* **Data extract**
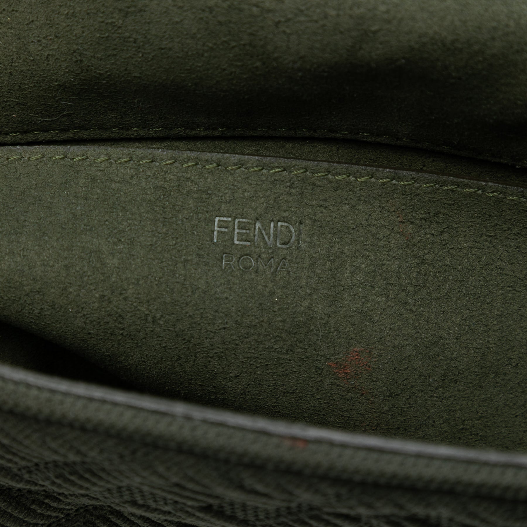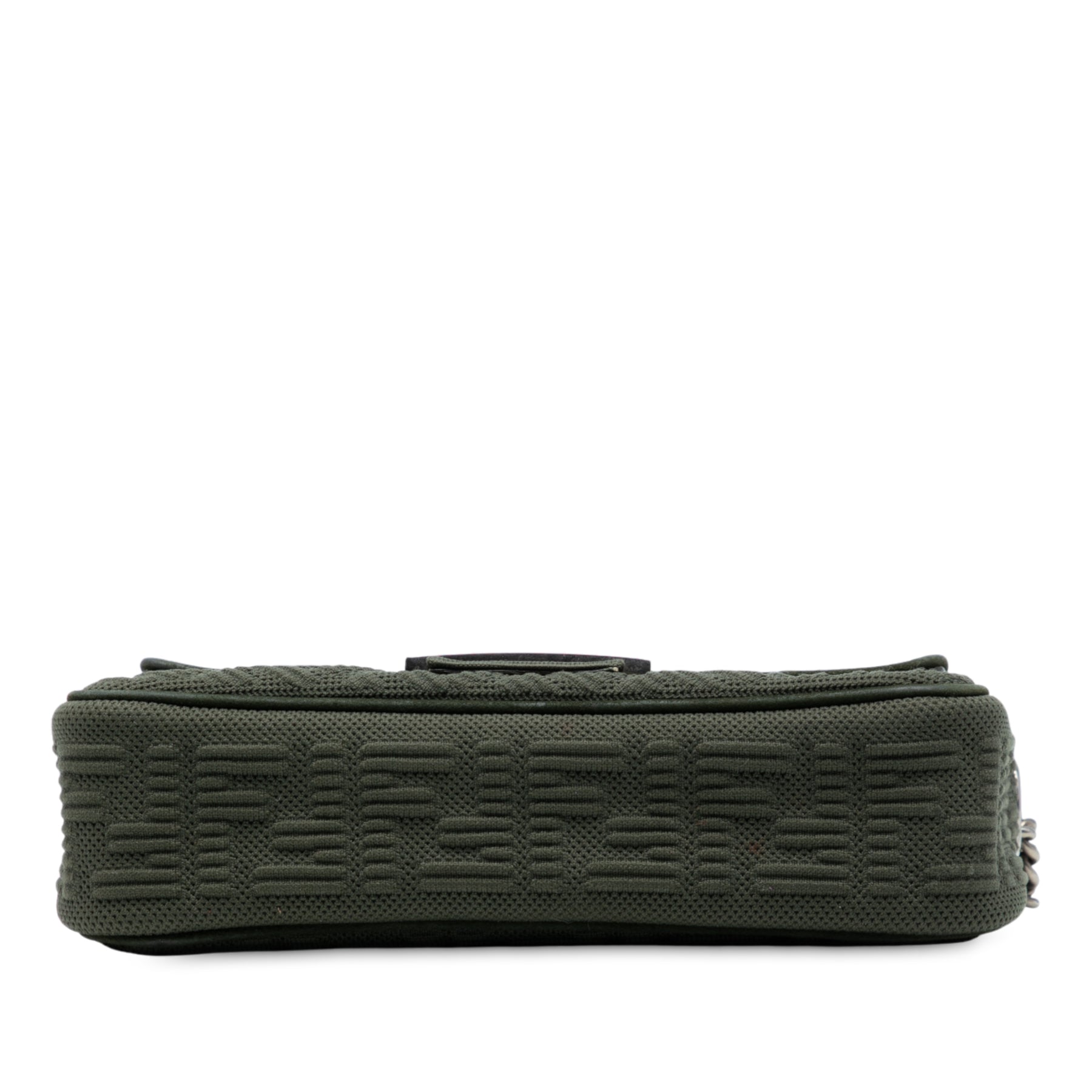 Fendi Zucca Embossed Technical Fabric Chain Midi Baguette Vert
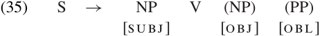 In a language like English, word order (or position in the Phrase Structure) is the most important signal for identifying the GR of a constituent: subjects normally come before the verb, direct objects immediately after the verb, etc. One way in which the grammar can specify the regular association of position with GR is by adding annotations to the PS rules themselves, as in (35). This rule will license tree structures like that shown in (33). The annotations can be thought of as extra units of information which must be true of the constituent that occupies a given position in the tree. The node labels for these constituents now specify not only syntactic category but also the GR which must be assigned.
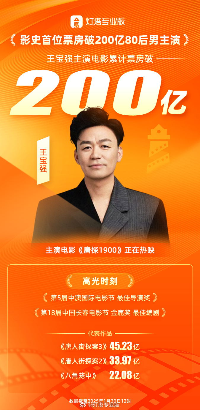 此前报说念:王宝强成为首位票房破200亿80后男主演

* **Problem details**
If pictures appear in the data, do not print them; repeat the rest exactly.

* **Expected answer**
 Fendi Zucca Embossed Technical Fabric Chain Midi Baguette Vert
 In a language like English, word order (or position in the Phrase Structure) is the most important signal for identifying the GR of a constituent: subjects normally come before the verb, direct objects immediately after the verb, etc. One way in which the grammar can specify the regular association of position with GR is by adding annotations to the PS rules themselves, as in (35). This rule will license tree structures like that shown in (33). The annotations can be thought of as extra units of information which must be true of the constituent that occupies a given position in the tree. The node labels for these constituents now specify not only syntactic category but also the GR which must be assigned.
 此前报说念:王宝强成为首位票房破200亿80后男主演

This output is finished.